We’ve caught six mice in our house in the last two weeks. Statistically that means we probably have 500 mice running loose behind the scenes (if you see one, you have 100). while writing this, I watched one dart under the sofa, in plain view, for the third night in a row.
Two weeks ago my son opened the closet he’s been using for a pantry since his escape from the COVID plague in Vail in March to discover mice had found his food stash. (They’d nibbled through half a dozen packets of parmesan cheese in a drawer in our kitchen a few weeks prior.) We set traps, to no avail. Then he caught two in one night.
Unfortunately, those two may well have been a parental unit. Since then, he found one sitting ON a trap (too small to set it off), and one caught in the bathtub. On our side of the house we’ve caught one this week, and watched the adventurous one dart around in the living room despite three snoozing dogs.
These aren’t the mice of my youth. Having always lived out in the country, the mice that invaded when the weather got cold were those cute little field mice with the big eyes and long whiskers that look like they posed for Beatrix Potter. Country mice… the cute kind that carry hantavirus.

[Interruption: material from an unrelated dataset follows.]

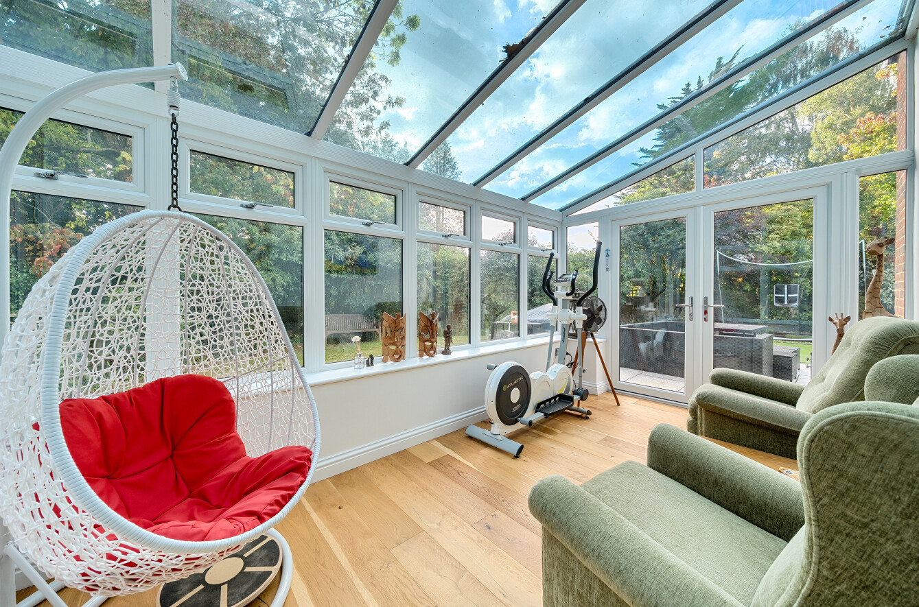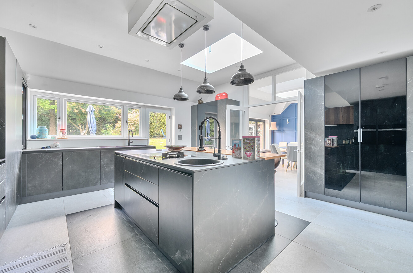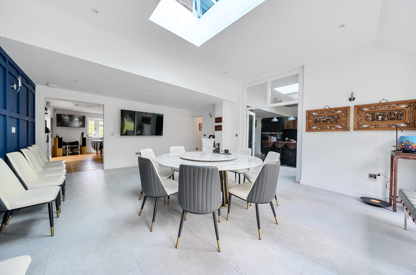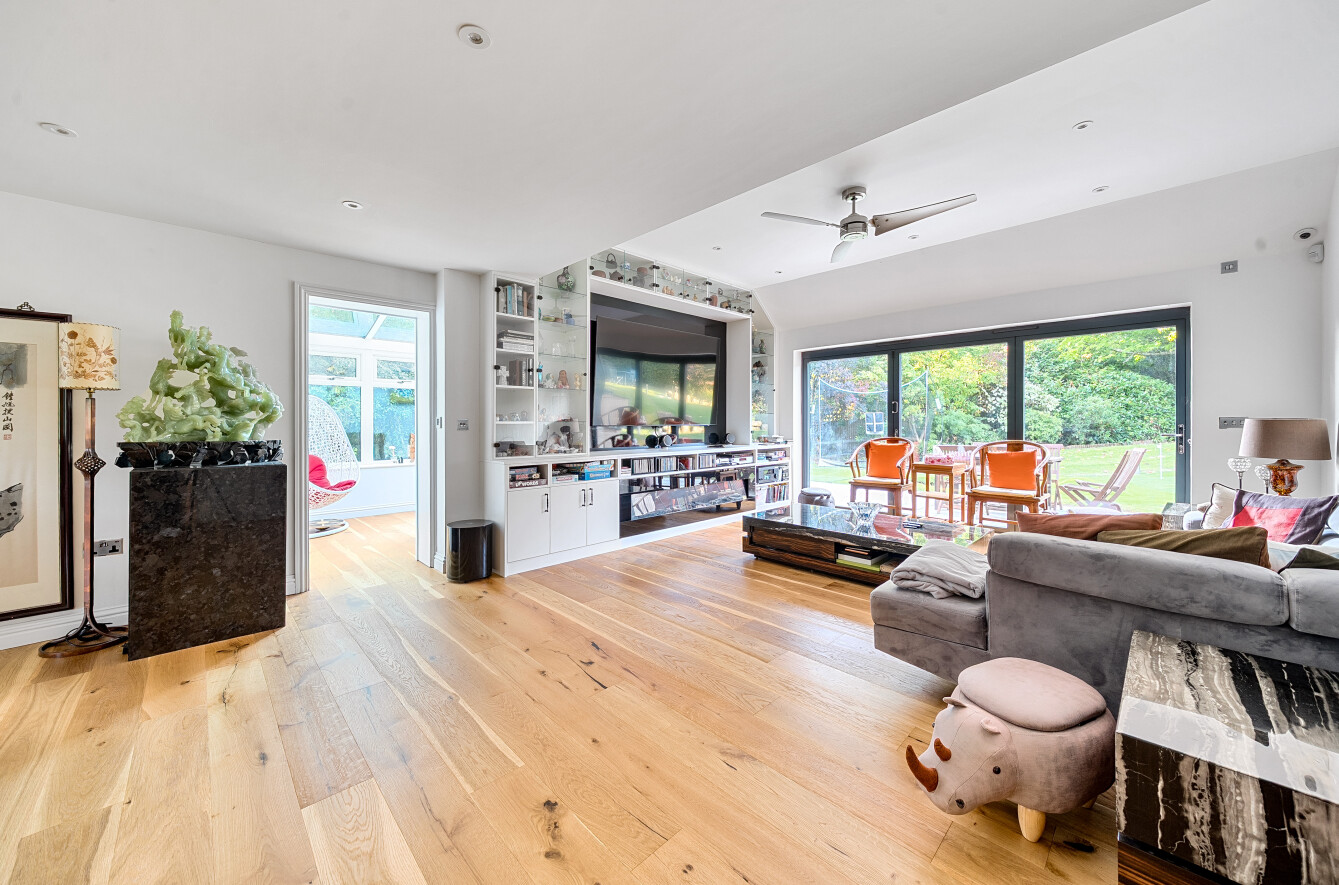 The home benefits from a significant single storey extension bringing natural light into the property from the skylights and two sets of bi-fold doors which all lead to a generous patio, outdoor bar area, a golf pitch and putt with sand bunker and garden laid to lawn with mature borders provide privacy and seclusion.

These are not those mice. These are Matrix-level mice. Their fur is gray, their tails are naked and they’re way too fast to catch, even for my aging terrier. And they can jump like tiny little superheroes. I’m trying not to be impressed.
BALLOTS
You should have your ballot by now. Next week we plan to run a ballot measure breakdown. If you intend to cast your ballot before then, please review the “blue book” in advance, or read through the ballot issues printed in this week’s paper on pages 3B through 9B, so you are aware of both sides of the measures presented, then vote accordingly.
The only local issue is the term limit questions. I’ve struggled with this personally. On one hand I’d like to see every multi-term representative and senator snatched out of the state and national capitol buildings and replaced. On the other hand I see the value in experience that comes from holding the same county-level elected job for years, a job no one is likely vying to fill. Don’t vote for term limits just because term limits are needed at the national level, think through what it means locally, too.
BUDGET
By the time this is out in print on Thursday, the county’s proposed 2021 budget should be available on the county’s website (printed copies are no longer available).
Given the number of contentious ideas presented about the budget in the last few months, I’m encouraging everyone to download a copy of the budget and look at what’s being proposed, then participate in next week’s budget workshops. Even if you can only call in to speak up for one or two departments, make your voice heard.
COVID REVELATIONS
I hate COVID. We’ve been so fortunate here that the virus hasn’t taken anyone out or put anyone in the hospital.
That said, this virus has revealed some things about our society and culture that we should pay attention to:
• Privilege = power and vice versa.
• Overall economic fragility.
• A broken system for the abused.
• A dearth of mental health resources.
• Health care shortages, from people to PPE.
If the coronavirus has accomplished anything, it’s the ripping away of the thin veils we use to divert our attention from societal problems. While uncomfortable, that’s not a bad thing, unless we choose to ignore them.